(Data extracted from a collection)
══════════════════════════════

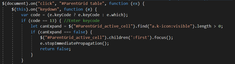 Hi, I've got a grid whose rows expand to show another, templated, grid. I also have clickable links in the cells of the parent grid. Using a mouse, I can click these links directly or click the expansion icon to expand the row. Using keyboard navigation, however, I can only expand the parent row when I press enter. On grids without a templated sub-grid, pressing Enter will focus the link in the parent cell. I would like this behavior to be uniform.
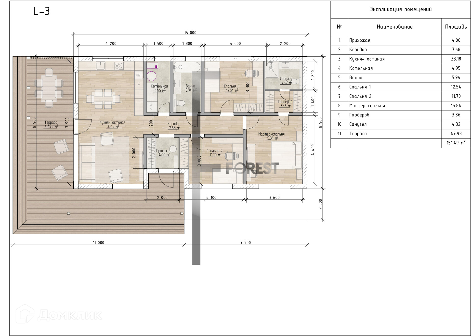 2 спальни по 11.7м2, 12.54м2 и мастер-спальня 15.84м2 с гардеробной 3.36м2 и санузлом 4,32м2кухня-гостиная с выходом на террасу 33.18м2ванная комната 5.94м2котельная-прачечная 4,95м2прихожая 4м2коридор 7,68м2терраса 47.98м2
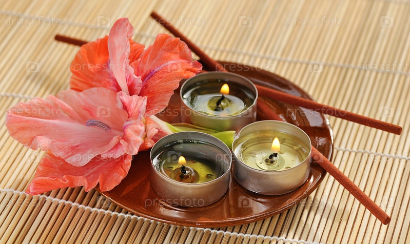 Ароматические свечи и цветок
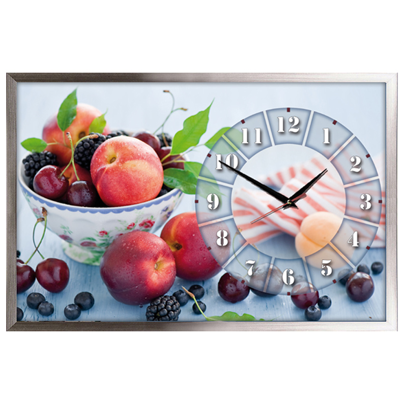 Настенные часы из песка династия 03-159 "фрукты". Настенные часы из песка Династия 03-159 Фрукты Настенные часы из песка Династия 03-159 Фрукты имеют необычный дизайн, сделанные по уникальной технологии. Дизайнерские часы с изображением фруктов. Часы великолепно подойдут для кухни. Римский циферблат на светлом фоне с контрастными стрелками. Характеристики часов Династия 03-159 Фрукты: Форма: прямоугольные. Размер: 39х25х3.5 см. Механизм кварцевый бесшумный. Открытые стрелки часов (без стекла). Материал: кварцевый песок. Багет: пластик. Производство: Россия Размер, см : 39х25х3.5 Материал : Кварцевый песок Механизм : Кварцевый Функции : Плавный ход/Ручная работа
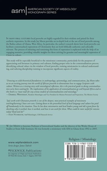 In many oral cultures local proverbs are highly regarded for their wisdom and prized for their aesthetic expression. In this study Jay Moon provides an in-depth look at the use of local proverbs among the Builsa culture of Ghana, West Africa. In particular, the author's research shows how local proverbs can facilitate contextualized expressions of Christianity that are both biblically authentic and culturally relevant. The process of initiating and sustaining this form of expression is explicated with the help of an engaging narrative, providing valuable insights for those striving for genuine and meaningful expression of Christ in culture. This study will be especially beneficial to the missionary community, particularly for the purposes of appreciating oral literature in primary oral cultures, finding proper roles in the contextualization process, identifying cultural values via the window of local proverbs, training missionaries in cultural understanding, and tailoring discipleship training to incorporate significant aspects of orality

══════════════════════════════

**Work task:** The answer must be a word-for-word copy of all the entries, containing no pictures.

**Final answer:**
 Hi, I've got a grid whose rows expand to show another, templated, grid. I also have clickable links in the cells of the parent grid. Using a mouse, I can click these links directly or click the expansion icon to expand the row. Using keyboard navigation, however, I can only expand the parent row when I press enter. On grids without a templated sub-grid, pressing Enter will focus the link in the parent cell. I would like this behavior to be uniform.
 2 спальни по 11.7м2, 12.54м2 и мастер-спальня 15.84м2 с гардеробной 3.36м2 и санузлом 4,32м2кухня-гостиная с выходом на террасу 33.18м2ванная комната 5.94м2котельная-прачечная 4,95м2прихожая 4м2коридор 7,68м2терраса 47.98м2
 Ароматические свечи и цветок
 Настенные часы из песка династия 03-159 "фрукты". Настенные часы из песка Династия 03-159 Фрукты Настенные часы из песка Династия 03-159 Фрукты имеют необычный дизайн, сделанные по уникальной технологии. Дизайнерские часы с изображением фруктов. Часы великолепно подойдут для кухни. Римский циферблат на светлом фоне с контрастными стрелками. Характеристики часов Династия 03-159 Фрукты: Форма: прямоугольные. Размер: 39х25х3.5 см. Механизм кварцевый бесшумный. Открытые стрелки часов (без стекла). Материал: кварцевый песок. Багет: пластик. Производство: Россия Размер, см : 39х25х3.5 Материал : Кварцевый песок Механизм : Кварцевый Функции : Плавный ход/Ручная работа
 In many oral cultures local proverbs are highly regarded for their wisdom and prized for their aesthetic expression. In this study Jay Moon provides an in-depth look at the use of local proverbs among the Builsa culture of Ghana, West Africa. In particular, the author's research shows how local proverbs can facilitate contextualized expressions of Christianity that are both biblically authentic and culturally relevant. The process of initiating and sustaining this form of expression is explicated with the help of an engaging narrative, providing valuable insights for those striving for genuine and meaningful expression of Christ in culture. This study will be especially beneficial to the missionary community, particularly for the purposes of appreciating oral literature in primary oral cultures, finding proper roles in the contextualization process, identifying cultural values via the window of local proverbs, training missionaries in cultural understanding, and tailoring discipleship training to incorporate significant aspects of orality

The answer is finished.